Ecological Intelligence

Ecological Intelligence

28 July, 2011
Daniel Goleman’s new book
Exploring the compassionate consumption trend

Ecological Intelligence, by Daniel Goleman, attempts to make a the connection for the reader between how much we know about what we buy and how it impacts the planet. It examines and explains how green buzzwords have power to influence consumers. Goleman describes how some of these buzzwords may mean very little indeed, unless backed up with transparent access to information on practices and processes. The title of the first chapter sums it up eloquently - "Green is a Mirage”.
Goleman uses telling case studies of how consumer behaviour relays current perceptions. In one case, he writes of a study of the effect of labels such as ‘produced with fair labour standards’ on towels. When the towels with and without the label were priced evenly, they sold slightly more of the 'ethically' labelled. However when the price of the 'ethically' labelled was substantially higher than the alternative, far more of the labelled ones were sold! Goleman speculates that consumer perception is that eco and ethical labels that cost more are seen to be creditable. However, Goleman also brings forward a case study showing the exact opposite case in working-class Detroit. In this case, hardware supplies labelled with eco friendly labels sold evenly compared to those without labels if evenly priced, but sales of the ones with the label dropped substantially if they cost even one cent more. Goleman then goes into more detail, breaking down consumer profiles and categories. Another thought provoking case study in chapter 15 gives readers a moral dilemma - is it wrong to buy paper from a Forest Stewardship Council certified company, if another branch of the same company actively clear cuts rainforests in Indonesia?

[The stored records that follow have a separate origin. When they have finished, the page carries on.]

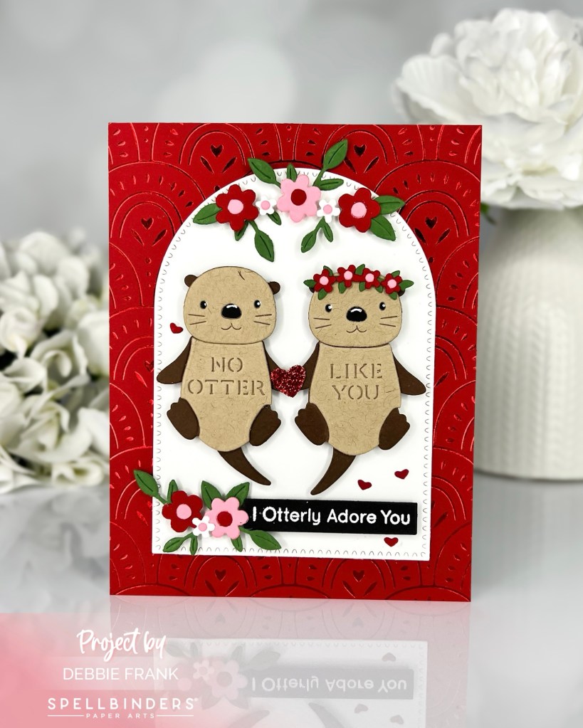 Since I knew I was going with browns for the otters. I thought how cute would it be if I did a tone on tone with the Red Foil and Red card stock using the Soft Hearted Glimmer Plate.
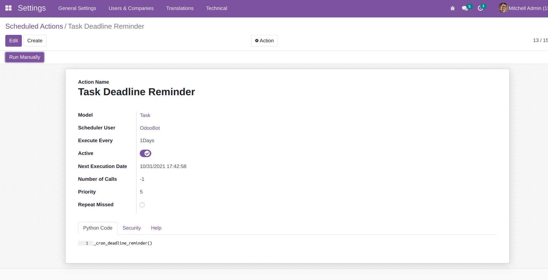This module send auto reminder to responsible user of task if the deadline is today. Cron job will run everyday and search for task which due today and send reminder email to employee.
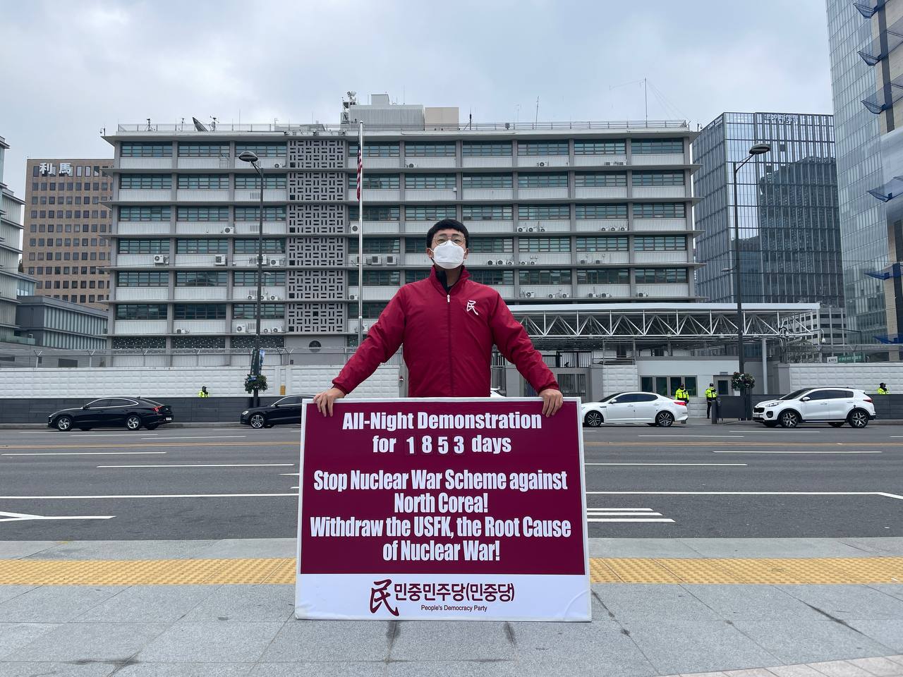 23일 민중민주당(민중당)은 미대사관앞에서 <선제타격망발 윤석열무리청산! 북침핵전쟁책동중단! 핵전쟁화근 미군철거!> 구호를 들고 평화시위를 2287일째 전개했다.
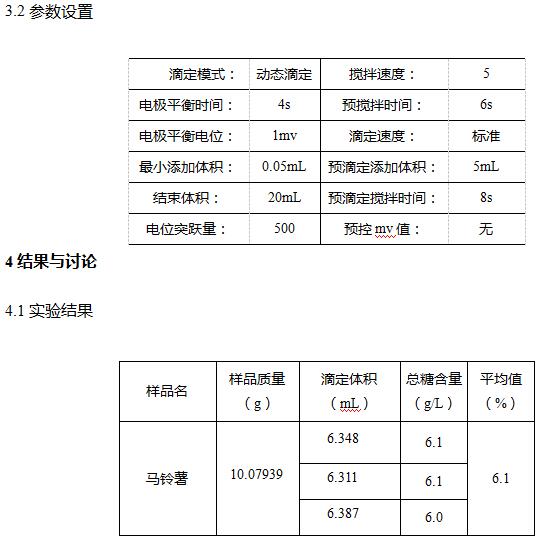 根據標準要求,用電位滴定法測定馬鈴薯中還原糖含量,兩次測定結果的絕對差值小于其算術平均值的5%,實驗結果重復性較好。

Goleman argues that capitalism drives companies to increase profits, while the common good is not a priority to business until consumers demand it. The message of this book is that if consumers are empowered with information through radical transparency, corporations will be forced to become more moral in their business practices. Information on business practices, products and production methods will lead consumers to be able to shop compassionately. For any business planning for the future, Ecological Intelligence is a great introduction to trends that are influencing today’s consumers and will be increasingly doing so into the future.